In May of 2010 while operating in southern Helmand Province, Afghanistan, as an infantryman, I was attached to a unit that was employing a female engagement team to supplement their already robust outreach campaign to the local villagers of Marjah. While the Marines—or "lioness" team—did an admirable job, it was clear that their presence in the midst of an all-male infantry company currently involved in combat operations clearly restructured the dynamic on the ground.
Lieutenant Colonel Robert Macginnis in his book Deadly Consequences: How Cowards are Pushing Women into Combat proposes that this dynamic—the close knit hierarchy that is an infantry unit—will be destroyed by recent policy changes allowing women into direct combat roles. He blames a military that has been overrun by political correctness and the politicization of the Joint Chiefs for this oncoming destruction.
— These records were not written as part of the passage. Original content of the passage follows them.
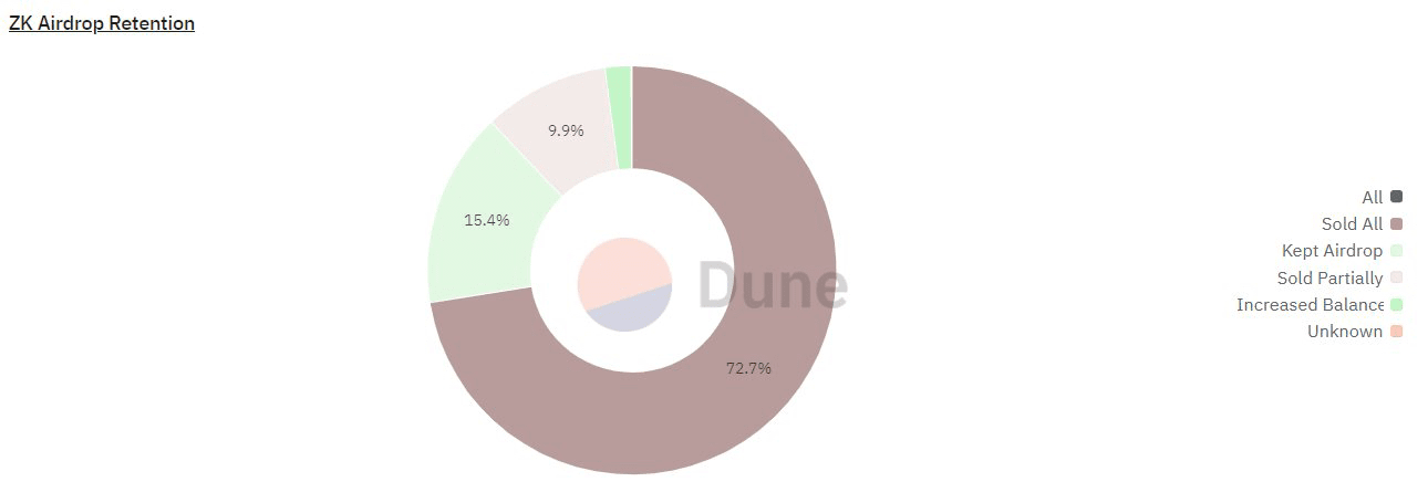 15.4% hold all their tokens, betting on zkSync ecosystem success, while 9.9% sold partially to lock in gains while staying in the game.
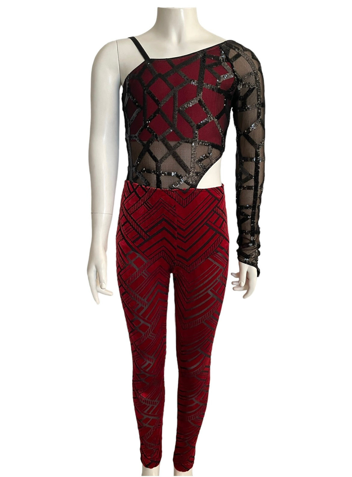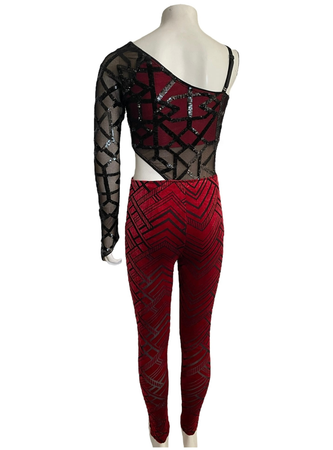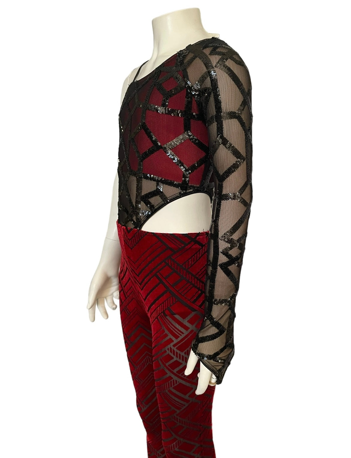 -Sequin stretch mesh and burnout stretch velvet unitard
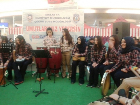 Malatya İl Emniyet Müdürlüğü Çocuk Şube tarafından ‘Çocuk ve Gençler Sosyal Koruma ve Destek Programı’ (ÇOGEP) kapsamında ‘Umutlarımız Yeşersin’ adlı proje hazırlandı. 16 kız öğrenci 2 ay boyunca polis memurları ve müzik öğretmenleri ile çalıştı. Yaptıkları enstrüman çalışmaları sonucunda AVM’de konser veren lise öğrencileri, çaldıkları müzik aletleri ve söyledikleri şarkılarla vatandaşlar tarafından büyük beğeni topladı. Yaklaşık 300 kişinin izlediği konserde lise 2. sınıf öğrencisi Kübra Mercan’ın sesi ise dinleyenleri büyüledi.
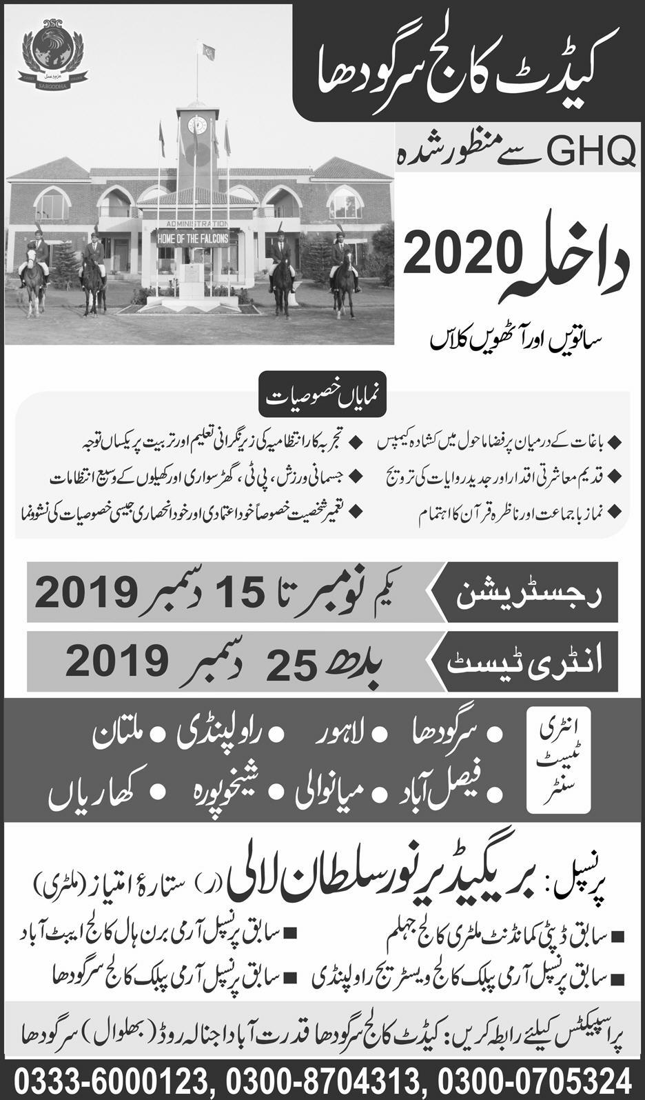Cadet College Sargodha has announced admissions for Class 7th, 8th for session 2020. Last date for submission of admission applications is 15 Dec 2019. Entry test will be conducted on 25 Dec 2019.
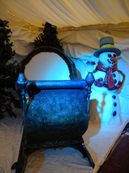 Set consists of snow cloth, LED star cloth, trees, Fence, lights and snow covering effect.
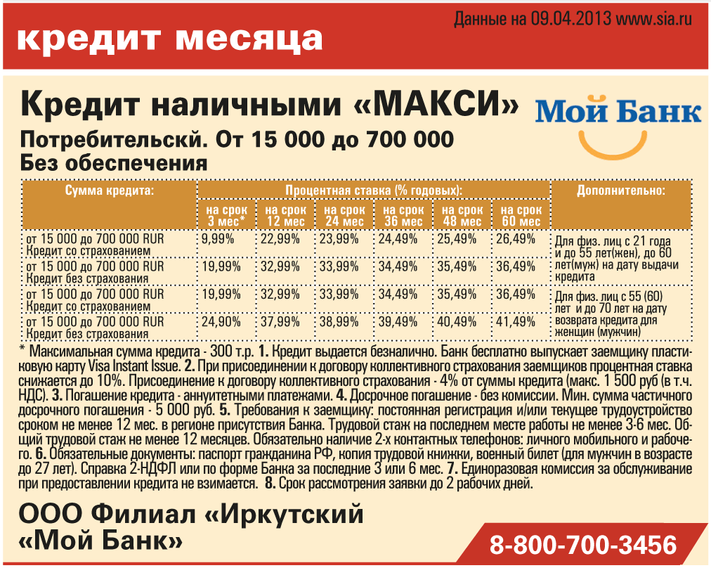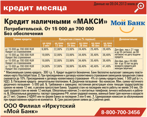 Мой Банк предлагает воспользоваться потребительским кредитом "МАКСИ". Сумма кредита - до 700 т.р. Ставка - от 9,99% годовых

Macginnis asserts that calls for equality within the armed forces are coming from "fringe" feminist groups by citing a number of surveys claims that the majority of women within the services are not interested in frontline jobs.
The debate to include women in combat transcends our current generation, and Macginnis does a good job summarizing the chronology of the debate. However, he really shines when he breaks down other countries’ policies toward women in combat. The U.S. military is large and extremely unique, and by juxtaposing other countries next to the United States it strengthens Maginnis’ argument considerably.
Maginnis ends the book with a number of measured suggestions including questions that Congress should pose to the Joint Chiefs and policy recommendations that would keep women out of combat. Macginnis reinforces that political correctness is smothering the military and that the Joint Chiefs have stopped being soldiers and are now just well-trained "yes men" to whatever administration occupies the White House. Salvation, he believes, lies in the hands of Congress.
Deadly Consequences is a short read. Though lacking in excitement, it does a good job at summarizing the anti-women-in-combat side of the debate. There is no doubt a book like this needs to be read, but it could have probably garnered a wider audience with a less biased approach, softer title, and more first hand accounts of women in combat during the Global War on Terror.
It also could have used subject matter experts that are responsible for preparing units for combat, such as instructors at some of the military’s combined arms training centers.
I recommend this book to anyone who wants to educate himself on a debate that will greatly affect our military in the coming years. This is by no means the entirety of the "women in combat" debate but a good perspective nonetheless.